Thursday, December 29, 2011. Emma began talking a blue streak last night, Wednesday, around two in the morning. I got out of bed and went downstairs to the living room where she sleeps to see what was going on. She was half sitting up in bed. “Get me out of here,” she said. “I’m trying, but I can’t get out of here,” she went on, as she gripped the side rail of her hospital bed. “I’ll be here all night,” she said then. So she was aware it was night. She hasn’t seemed to notice differences between day and night since she settled onto her docile plateau in July.
I felt sorry for her, being trapped there. I can relate. Would I want to be trapped in a hospital bed? No. I was trapped in a hospital bed in the hospital for five days when I was 3 for a cyst and hernia operation. I had been given a really neat diesel train set which I had brought with me. I wanted my trains in bed with me, and the nurses didn’t know what I was saying. What I said was perfectly clear to me. “Does she want a drink?” they asked each other. I was so frustrated, and I see Emma reacting that way: “Get me out of here.” (Likely, “Get me out of this life.”)

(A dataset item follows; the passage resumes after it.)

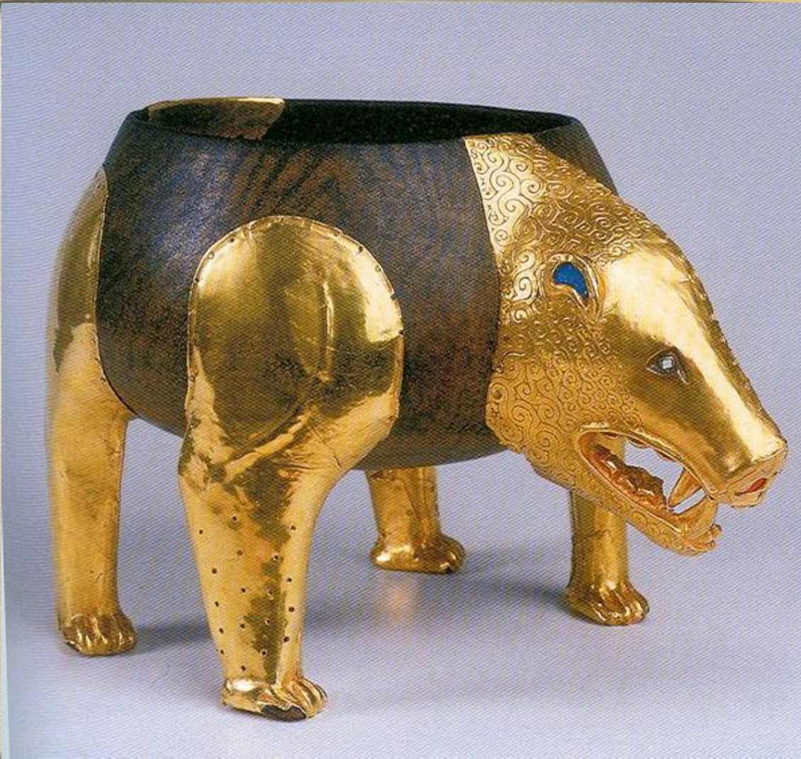
Деревянный сосуд в виде фигурки медведя. Золото, смальта. IV в. до н.э.
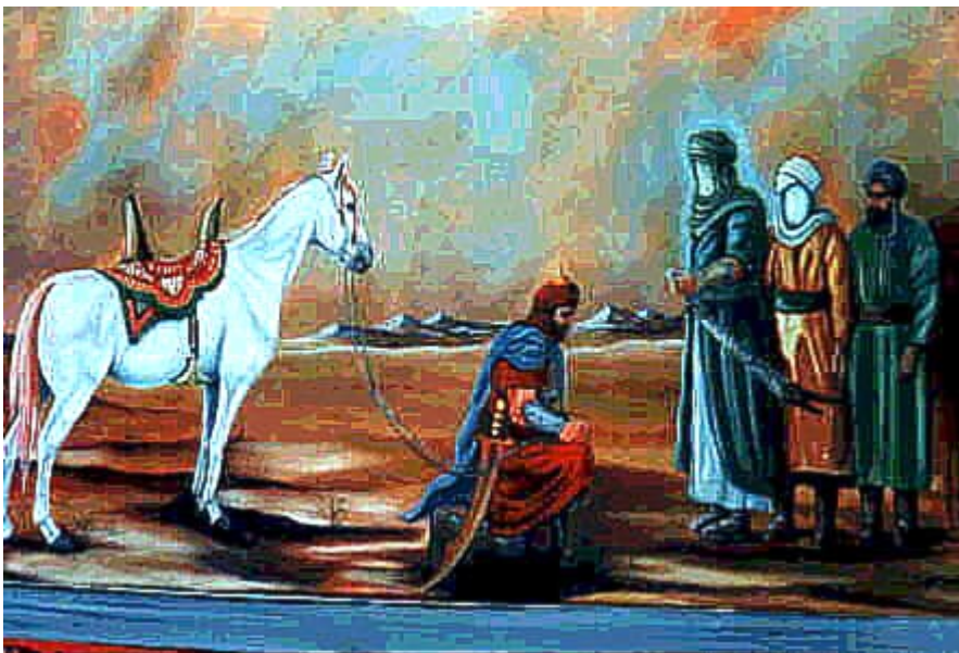
Imam Hussain (a.s.) akikubalia bay'a ya watu wawili. Hur (A) akiomba msamaha na kujiunga na kambi ya Imam Hussain ( a.s.)

My aunt, Emma’s sister-in-law, who will be 98 on New Year’s Eve and is in a nursing facility an hour from our home, is cognizant but confined to a wheelchair unable to walk without falling, says essentially the same thing – “When I get out of here: When I came in here I gave my cat Maggie to the vet because I knew there she would get good care. When I get out, I’ll get her back and take her home.” She told me this over the phone Christmas day.
“Oh,” I said. When Emma, Jetta (our teacup poodle) and I would visit my aunt in her home, Maggie, a big orange tabby, would lie in wait for me in the dark hallway just outside the bathroom door. When I’d emerge, she’d spring and pummel me: “How dare you bring that dog into my house.” Maggie chased Jetta around and around an easy chair until Jetta was chasing Maggie. It’s a wonder they didn’t melt into a pool of butter. (–“Little Black Sambo,” one of many stories Emma read to me when I was a child.) Maggie got old and infirm and my aunt had her put to sleep before she entered the nursing facility.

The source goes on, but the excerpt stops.